Warum führt die Pilgerfahrt nach Mekka?

Mekka ist die heiligste Stadt des Islams, da der Prophet Mohammed dort geboren wurde und nach islamischer Überlieferung die ersten Offenbarungen empfangen hat. Mekka war jedoch schon in vorislamischer Zeit ein Pilgerort. 


Wie läuft das Opferfest ab?

Sowohl am ersten Morgen des Opferfests als auch am ersten Morgen des Fastenbrechenfests wird gemeinsam gebetet – in der Moschee oder auf einem speziell dafür vorgesehenen offenen Platz. Die Besonderheit dabei ist, dass die Ansprache (meist durch den Imam) nach dem Gebet, und nicht davor erfolgt, wie es beim Freitagsgebet üblich ist. Für Sunniten ist die Teilnahme Pflicht, Ausnahmeregelungen gelten für Gläubige, die sich auf der Pilgerfahrt nach Mekka befinden.

Anschließend werden die Moschee oder der Friedhof besucht, um verstorbenen Verwandten und Freunden zu gedenken. Danach wird die Verwandtschaft und Bekanntschaft besucht und gemeinsam im festlich geschmückten Haus gegessen. Zudem werden Geschenke verteilt – an Bedürftige und insbesondere Kinder, die sich in größeren Städten zu kirmesartigen Festen mit Karussells und Süßigkeiten zusammenfinden.

Warum findet es jedes Jahr an einem anderen Tag statt?

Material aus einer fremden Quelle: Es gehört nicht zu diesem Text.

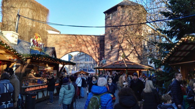Il primo mercatino di Natale lo trovate all’uscita dell’aeroporto mentre andate a prendere la Metro (S8) per raggiungere la città. Omini di legno di tutte le fogge, palline e decorazioni coloratissime, scarpe di lana cotta ma soprattutto sempre e ovunque pretzel, punch e salsicce con crauti!
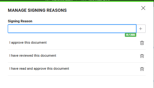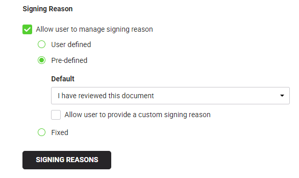 Manage Signing Reasons |
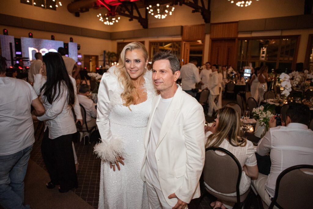 A recepção contou com a presença de famosos, influencers, parceiros e amigos.O ponto alto da noite ficou para a dança do quebra pratos, tradição grega que representa desapego material, sorte e prosperidade.

Im vergangenen Jahr fand das Opferfest am 1. September statt, dieses Jahr am 21. August. Der Grund dafür ist der islamischen Kalender, der sich komplett nach dem Mond richtet. Seine Jahre bestehen aus zwölf Mondmonaten, die 29 oder 30 Tage lang sind, ein Jahr ist im Durchschnitt etwa 354 1⁄3 Tage lang – also etwa elf Tage kürzer als die etwa 365 1⁄4 Tage langen Sonnenjahre der christlichen Zeitrechnung. Dadurch verschiebt sich auch das Opferfest im Sonnenkalender rückwärts um meist elf Tage pro Jahr und kann zu jeder Jahreszeit stattfinden. 2019 findet das Opferfest am 11. August statt.